◆ TO DO ◆
Drop the pictures, then extract the listing word for word.

◆ DATASET EXCERPT ◆
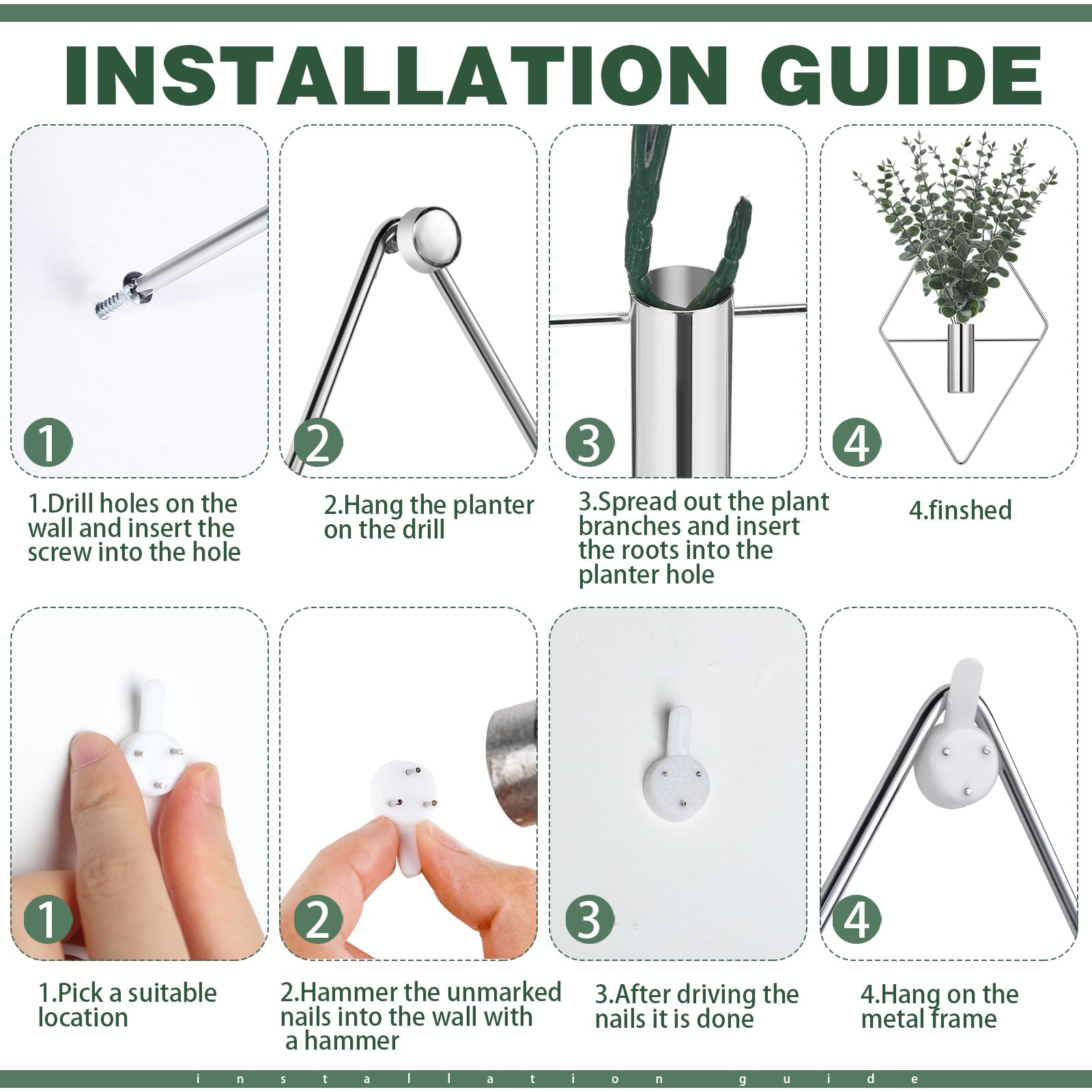 • Simple and Generous: the geometric wall hanging vase is designed in triangle and rhombus shape, coordinate with chrome sliver color, the collision of metal iron and flower, its simple design let it look elegant and generous, and is suitable for a variety of decoration styles, such as modern style, minimalist style, rustic style and more
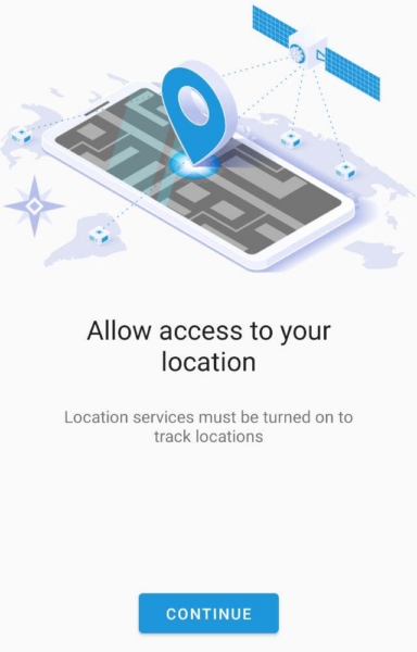 Next, the application will notify you of the need to allow it access to the location of the device. Tap Allow in the pop-up window that appears after tapping Continue.
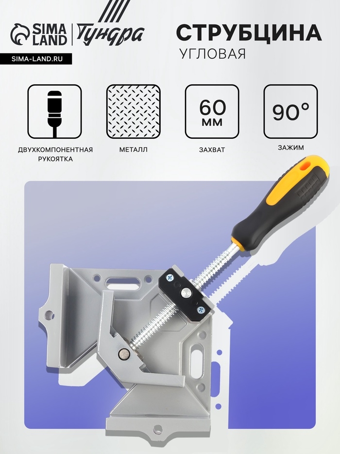 Струбцина угловая ТУНДРА, металлическая, один зажим, 2К рукоятка, 60 мм

◆ SOLUTION TO THIS PROBLEM ◆
 • Simple and Generous: the geometric wall hanging vase is designed in triangle and rhombus shape, coordinate with chrome sliver color, the collision of metal iron and flower, its simple design let it look elegant and generous, and is suitable for a variety of decoration styles, such as modern style, minimalist style, rustic style and more
 Next, the application will notify you of the need to allow it access to the location of the device. Tap Allow in the pop-up window that appears after tapping Continue.
 Струбцина угловая ТУНДРА, металлическая, один зажим, 2К рукоятка, 60 мм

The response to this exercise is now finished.